1. I have no experience in the HVAC field and I don't have any idea of what study material would

prepare me for the HVAC problems. I have no experience in project management as well, this

includes manufacturing subjects.

I would feel more confortable in taking the Materials and Systems (Machine Design, Vibrations, Dynamics etc), rather than the Thermodynamics, Fluids and heat transfer afternoon protion of the exam. I don't want to carry alot of books into the exam, so my questions to you are:

1. What study material (especially for Project Management and HVAC), would you recommend I

acquire for the morning as well as the afternoon portion of the exam? Note: I already have the

Shigley text (Classic fifth edition), Crane 410, Cameron Hydraulics, Steam and Gas Tables,

Beer and Johnson's Engineering Mechanics and Strength of materials. compressible Fluid Flow

and Aerodynamics by Anderson. I'm assuming most of the other subject matter can be covered

in the MERM.

2. Would anyone recommend Dr. James Lamm's Mechanical Dvds, for exam preparation, or just

the MERM? Note I'm semi-retired and on a fixed income (Military and Social Security).

As I mentioned before I don't want to bring a library to the exam, just the material I feel will help me get through the exam. Please provide any recommendations for studying and passing the morning and afternoon portion(Materials and Systems) of the exam;which helped you pass. Your response would be greatly appreciated. Thank you and good luck on passing in October of 2012.

Aerofrank


----------



## mannyhappyPE (Oct 16, 2012)

Congrats on going back to school and pursuing licensure. I myself am retaking in a couple of weeks because I did not pass the first time (April 2012).

As far as I know, having and understanding the MERM will get you 90% of the way there.....If you are like me, passing will depend on how many problems you expose yourself to before hand. Get as many practice tests and practice problems you can afford. As you work problems, you'll get a feeling what you know and don't know and what references you will need to supplement the MERM.

I'd like to see what else everyone else has to say as well.

Good luck!


----------



## mizzoueng (Oct 17, 2012)

Good luck studying! I would suggset the Thermo/Fluids side. Most problems are set up so that anyone who has done T/F of any variation can figure it out. Most are set up at turbine problems, but there are still a lot of fluids problems involving pumps and the occasional compressor.

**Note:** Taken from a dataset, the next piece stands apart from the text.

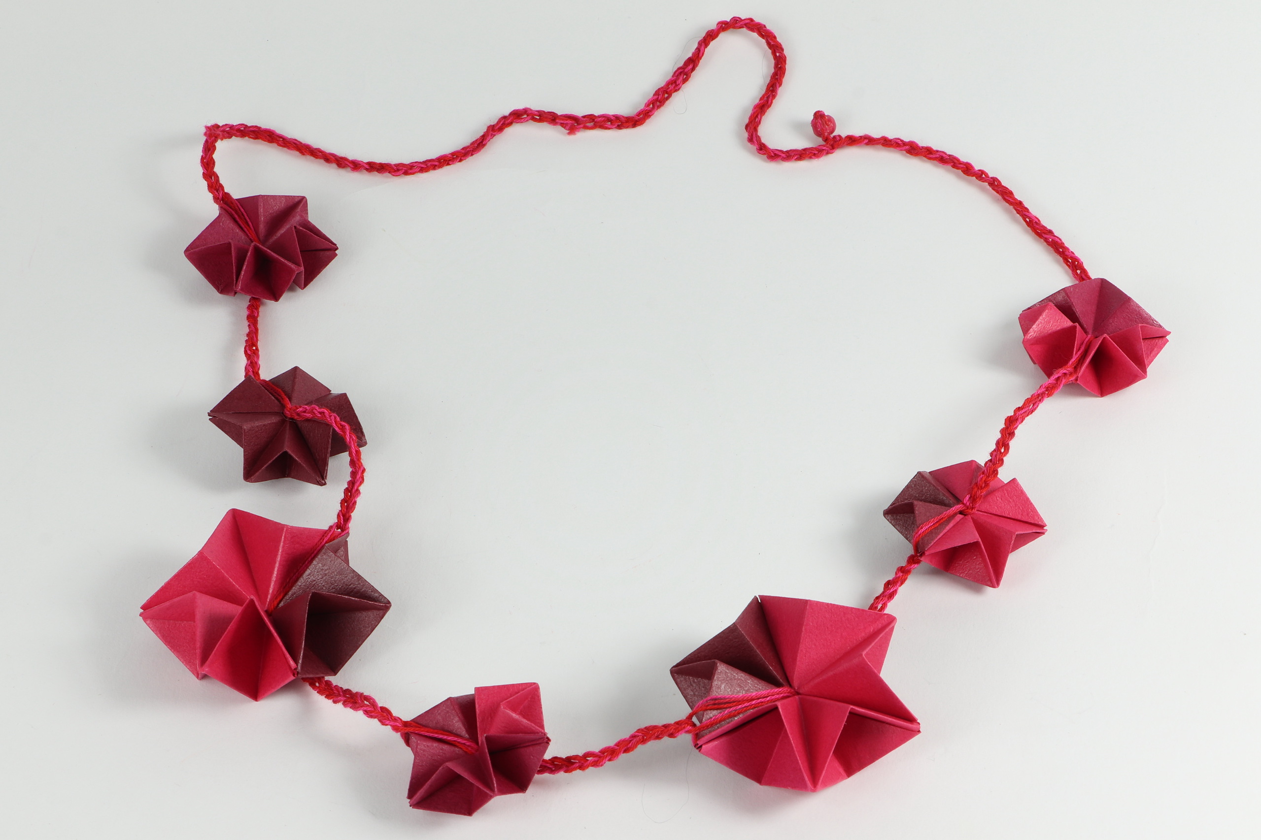 origami gevouwen sterren in diverse tinten rood, verbonden met gehaakt shashiko garen, afgewerkt met acryllak

The M/D depth is not as easy as you think. I thought so as well last October and I failed horribly. The assumption going in was that the test would cover materials and machine design. It covered much much more than that and ended up being a giant grab bag of just about everything.

HVAC is fairly simple if you have a basic understanding of how to use a psych chart. After that, it is a mass/enthalpy balance. Just about all T/F and HVAC problems can be reduced to a mass/enthalpy balance.

Buy a sample test and see what you think. Look at what you have been doing in the last year or so and see how it fits with the test materials.


----------



## sumpnz (Nov 13, 2012)

I just took that exam a couple weeks ago. Like you most of my experience has been in aerospace, though now I'm in heavy trucks.

There was only a couple HVAC related questions on the morning section, and none in the afternoon section. I'd never done anything HVAC related before studying for the exam, and I found them reasonably easy to solve thanks to the prep class and study materials.

Bring MERM and Shigley. That's about all I used.


----------